After an evening of villa-staring, pilsners and reiteration, my inamorata and I hailed a tuk tuk for 8:00am. The corrugated trail out to the border winds through salt flats, dormant for the wet season and lurid rice fields in full display. In the morning light, the paddies seem an impossibly fecund argument in favour of subsistence living. Kids run out and scream unjaded hello like they do everywhere in Cambodia or stare hungry and glassy-eyed from their palm-frond hovels, World Vision brochure-ready.

About a kilometre from the border post, a swarm of informal motorbike taxi drivers (motodops) surrounded our tuk tuk and informed the driver that there was no chance of his vehicle being able to make it to the rest of the way with the road alternating from mere crenulations to knee-deep death holes.

Let the protracted bargaining period begin.

My expectation at this point was that we’d be sold to a motodop who would then pass us on to their Vietnamese comrade on the opposite side of the border, where we’d once more go through the following process.

After the quickly establishing that we could speak fractured Khmer as well as a food-obsessed swearing Cambodian toddlers:

“Where are you going?”

“To the border”

“The border is a long way from Ha Tien.

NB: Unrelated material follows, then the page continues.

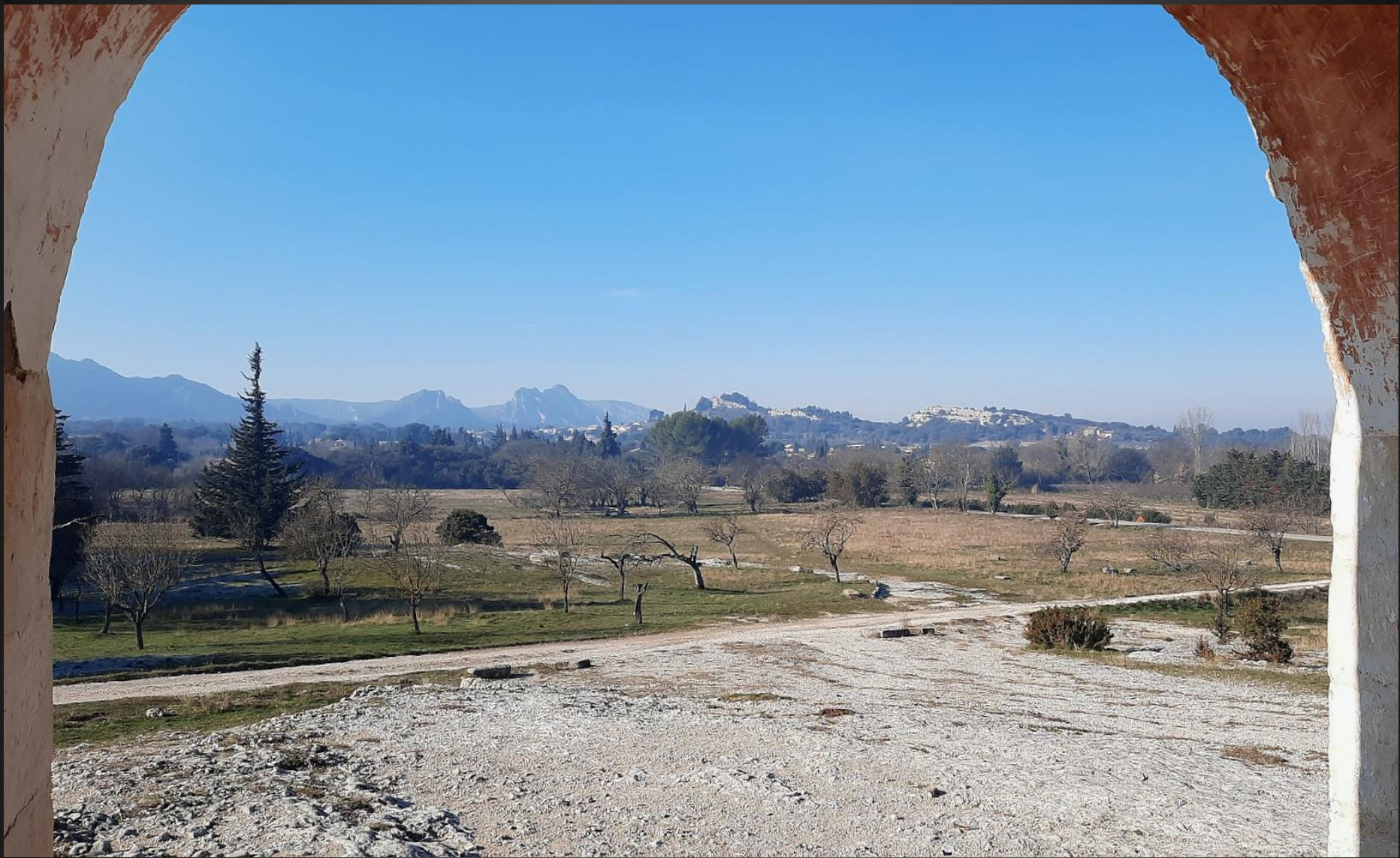
EYGALIERES _ Vue sur les Alpilles depuis le porche de la chapelle.

Where are you going after the border?”

“To the boat in Ha Tien to Phu Quoc.”

“There is no boat in Ha Tien, but we can take you to the bus to Rach Gia.”

There was no talk of swapping drivers at the border, although I assumed the worst.

We alighted from the motorbikes as we approached the two whitewashed sheds that guard Cambodia’s border, leaving our packs with the drivers. As the drivers had established that I could speak Khmer, they wouldn’t steal our packs as they would guess that the only barrier between me paying a Cambodian border guard to shoot them would be cleaning the blood from and fixing the puncture holes in my luggage. Not that I would: travel insurance is thing of guilt-free wonder. There is always some comfort in not carrying any objects truly worth stealing.

The two Khmer border officials were bemused to see us. The younger one spoke excellent American-inflected English and was keen to chat; the older looked like the typical mid-40s Cambodian official who had survived bloody genocide then bribed their way into their post, remaining jovial enough to suggest an undercurrent of unhinged terror.

I’m certain that both had to bribe their way into this position.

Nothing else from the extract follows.